If you would like to discuss further, I would be absolutely willing to talk or email more, if it would help you with your research. As a teacher (and as being a reporter before I was a teacher!) I can appreciate someone trying to find evidence for a study and I'd like to help.

 

I apologize if this email was too long or not what you were looking for. If your study is over, please accept my thanks for doing good work.
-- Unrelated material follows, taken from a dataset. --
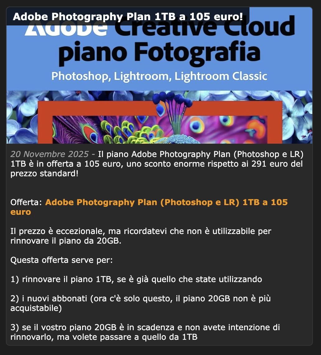 Conviene acquistare il codice di Amazon a pochi mesi dalla disdetta, oggi il più conveniente è il Fotografia 1TB a 120 euro al Prime Day ( ne sono circa 3/4 all'anno ). Unica pecca del piano Fotografia a 1TB che da quello che leggo dal sito Adobe è che ha 25 crediti generativi al mese ( forse un errore ), per molti potrebbe essere un problema. E' strano perchè il 20gb ha 250 crediti generativi al mese ( ancora ora ), purtroppo da Adobe potremmo aspettarci il cambio del 20gb in 1tb.
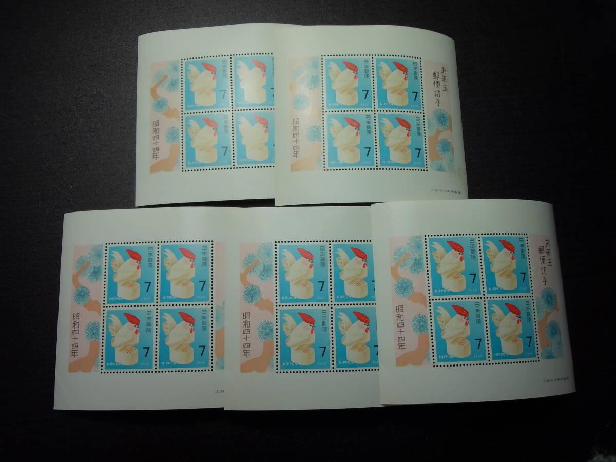 > 年賀切手 ニワトリ 5シート1セット 極美品に近い美品 カタログ値1250円 昭和44年用

The interviews I read online already have been validating and completely accurate.

 

All the best,

Jessica Marks'

______________________

 

When I first talked with Jessica the following week on February 27, 2014, she asked to remain anonymous, as did all but one of over two dozen teachers that I interviewed for my book, Work Hard, Be Hard: Journeys through ‘No Excuses’ Teaching.  Just weeks after being fired and in the throes of despondency, Jessica feared what her KIPP principal, or the KIPP Foundation, might do or what influence KIPP supporters might exert as retribution against her speaking out.  Jessica, too, suffered a deep sense of shame that is typical among former KIPP teachers for failing at a job that she had put her heart and soul into and had so obviously failed to meet the expectations of KIPP administrators. 

 

Jessica began work at as a KIPP teacher July 2013, and she was fired just before Christmas the same year. When I talked with her just two months later in February, she was still living in Austin, Texas and seeing a therapist for what she described as a nervous breakdown, which was clearly in full flower at the time she was fired in December.  Jessica’s principal at KIPP Academy of Arts and Letters had recommended a particular therapist, who he knew by way of at least one other KIPP teacher who, too, had suffered a mental and emotional breakdown while teaching at KIPP.  Following extensive treatment, that teacher had eventually returned to her job at KIPP. 

 

Even though Jessica’s treatment was extensive, too, her future would be quite different.  After some deliberation, Jessica would return to public school teaching the following school year.  And as I was to find out in 2017 when she contacted me once more, she would come to thrive anew.  

 

Today, Jessica no longer fears what KIPP Austin or the KIPP Foundation might do, or try to do, for sharing the truth about her experiences at KIPP.  Her documented accomplishments since leaving KIPP reach far beyond the fearful behavioral vice and unsustainable job expectations of KIPP’s corporate creed, where individual creativity quickly wilts within an organizational pressure cooker based on total compliance and unsustainable performance requirements.

 

With time, a good therapist, and a new job where she is valued, trusted, and rewarded, 
Jessica has regained her confidence and tapped into those deep wells of care and empathic understanding that made her a great teacher to begin with.  In fact, on April 27, 2018, Jessica Marks (her real name) will offer an address to the Yavapai County Education Foundation in Prescott Valley, Arizona. Her speech will be her last official act as Teacher of the Year for Yavapai County, Arizona will focus on the critical need to value teachers and teaching.

 

So based on our written communication and interviews, this is Jessica Marks’s story of what happened before and after her short stint as a KIPP teacher.  Spoiler alert: it is a story of how personal tragedy was disrupted by personal triumph and redemption." 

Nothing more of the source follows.